-- DATASET EXTRACT --

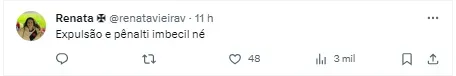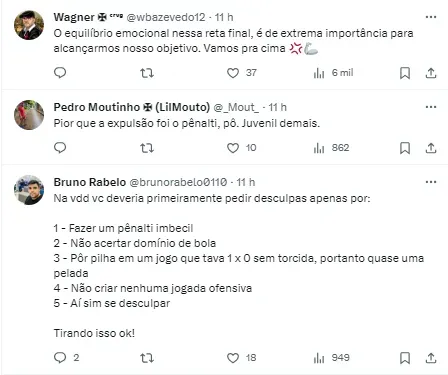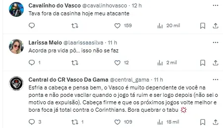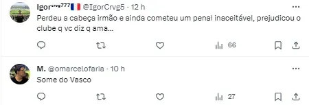 “Não é só a expulsão, o lance do pênalti foi muito juvenil, no último minuto do 1º tempo. Já ajudou mto o Vasco na temporada, mas hoje vai ficar marcado negativamente” , “Acorda pra vida po, isso não se faz” , “Expulsão e pênalti imbecil, né” , “Tinha que pedir desculpa pela atuação horrorosa em campo” , “Parabéns, só fez m* no jogo”
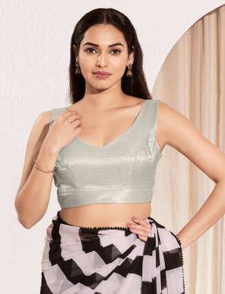 This silver silk blouse shines with delicate zari weaving. Its sleeveless design and sweetheart neckline lend modern grace to ethnic outfits, perfect for festive evenings.
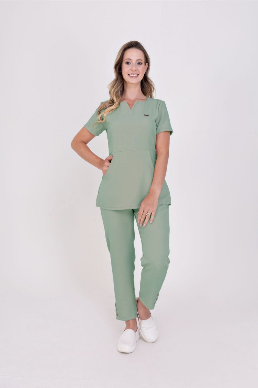 O scrub Munique possui blusa mais alongada e acinturada, desta forma evitando marcar as linhas do quadril. Confeccionado em tecido de alfaiataria com alta porcentagem de elastano (90,4% POLIESTER + 9,6% ELASTANO), com processo de alta costura, é a peça que você passa o dia sem sentir! Puro conforto.

-- INSTRUCTIONS FOR THE TASK --
Retype all of the listing above exactly, but keep its pictures out.

-- RESULT FOR THIS EXERCISE --
 “Não é só a expulsão, o lance do pênalti foi muito juvenil, no último minuto do 1º tempo. Já ajudou mto o Vasco na temporada, mas hoje vai ficar marcado negativamente” , “Acorda pra vida po, isso não se faz” , “Expulsão e pênalti imbecil, né” , “Tinha que pedir desculpa pela atuação horrorosa em campo” , “Parabéns, só fez m* no jogo”
 This silver silk blouse shines with delicate zari weaving. Its sleeveless design and sweetheart neckline lend modern grace to ethnic outfits, perfect for festive evenings.
 O scrub Munique possui blusa mais alongada e acinturada, desta forma evitando marcar as linhas do quadril. Confeccionado em tecido de alfaiataria com alta porcentagem de elastano (90,4% POLIESTER + 9,6% ELASTANO), com processo de alta costura, é a peça que você passa o dia sem sentir! Puro conforto.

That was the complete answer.